Supplied information:
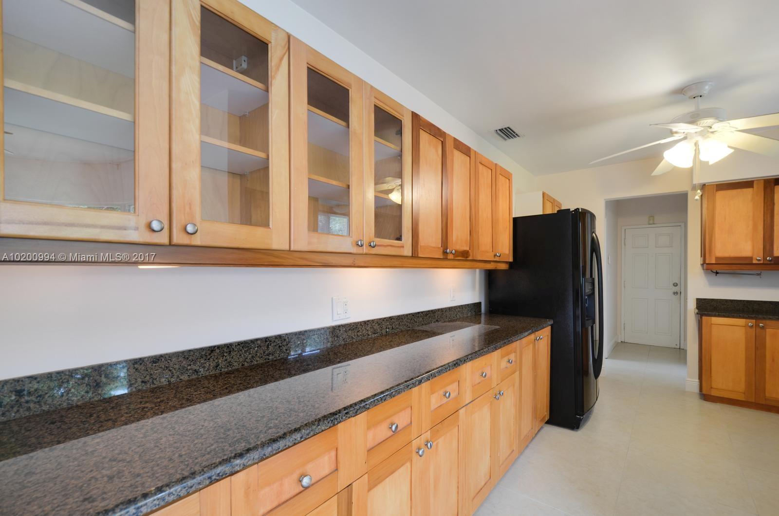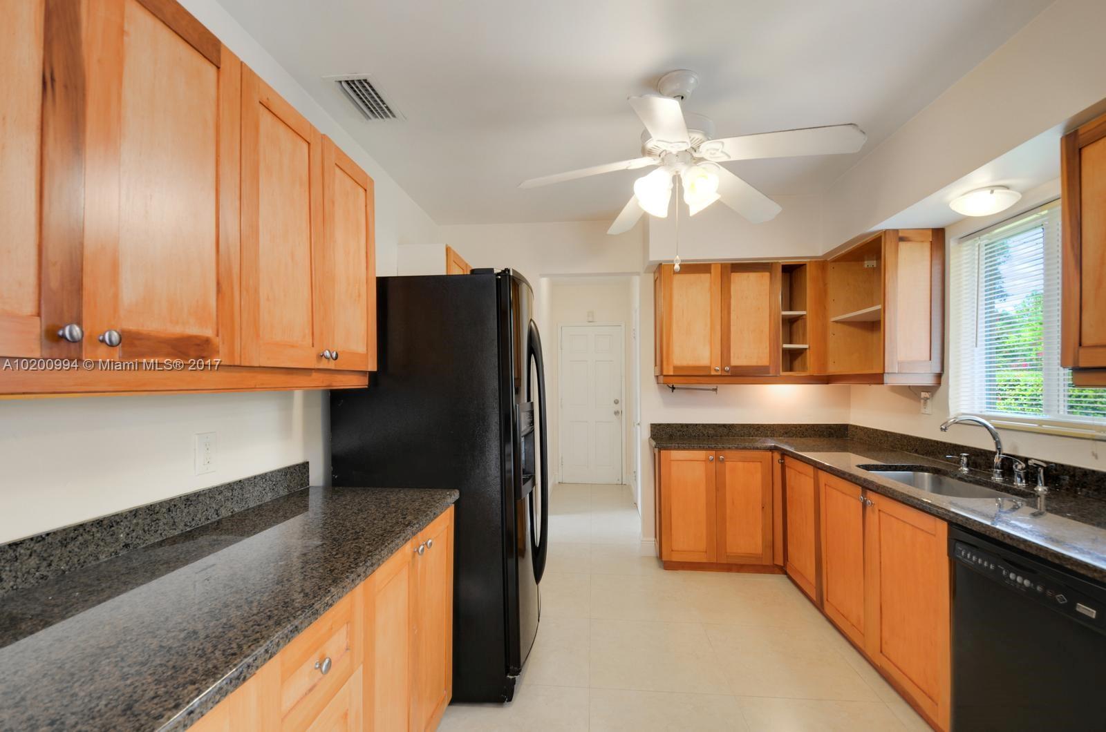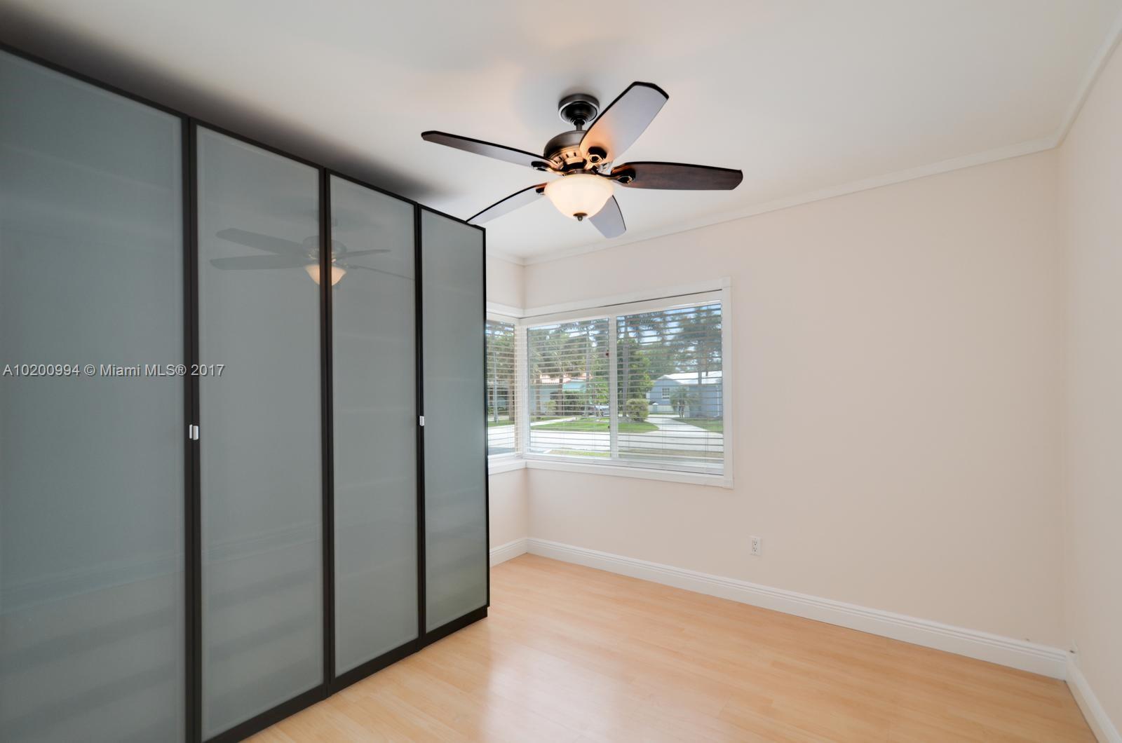 Smartly updated home features sleek mid-century lines & accents. Located in quiet pocket of Miami Shores on corner lot w/circular drive. Charming porch entry & large LR/FR w/wood burning fireplace & custom shelving. Sliding doors to patio & fully-fenced backyard. Completely remodeled kitchen & dramatic formal DR w/step up and wrap-around curved window wall. Split 2/1 private 1/1 off kitchen. Hardwood floors throughout. ALL impact windows/doors. Wide 2-car garage w/laundry, alarm system, newer septic.
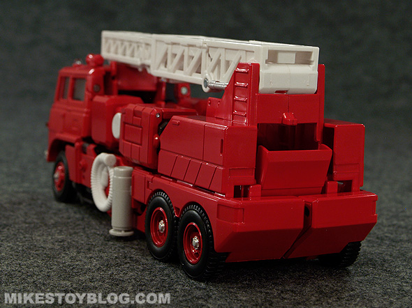 Inferno has a lot of thoughtful articulation, some of it because of the transformation technique and some of it is just designed that way. He has lots of satisfying ratchet joints that make you feel confident that he will hold the pose and not have much trouble with his joints loosening up over time. Even though these Transformers look great in the heroic “museum pose” as seen in some of my photos you can still get very dynamic poses with Inferno if you want and he still looks great doing it and doesn’t look awkward.
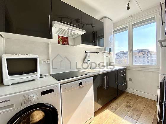 Este apartamento tem uma cozinha e todo o equipamento pela sua vida quotidiana : fogaõ, frigorífico, congelador, microondas, exaustur, chaleira, máquina de café, armário, loiça.

Task item:
Beginning at the line that contains "Inferno has a", retype each line of the data above through the very last one. Do not retype the pictures.

Task result:
 Inferno has a lot of thoughtful articulation, some of it because of the transformation technique and some of it is just designed that way. He has lots of satisfying ratchet joints that make you feel confident that he will hold the pose and not have much trouble with his joints loosening up over time. Even though these Transformers look great in the heroic “museum pose” as seen in some of my photos you can still get very dynamic poses with Inferno if you want and he still looks great doing it and doesn’t look awkward.
 Este apartamento tem uma cozinha e todo o equipamento pela sua vida quotidiana : fogaõ, frigorífico, congelador, microondas, exaustur, chaleira, máquina de café, armário, loiça.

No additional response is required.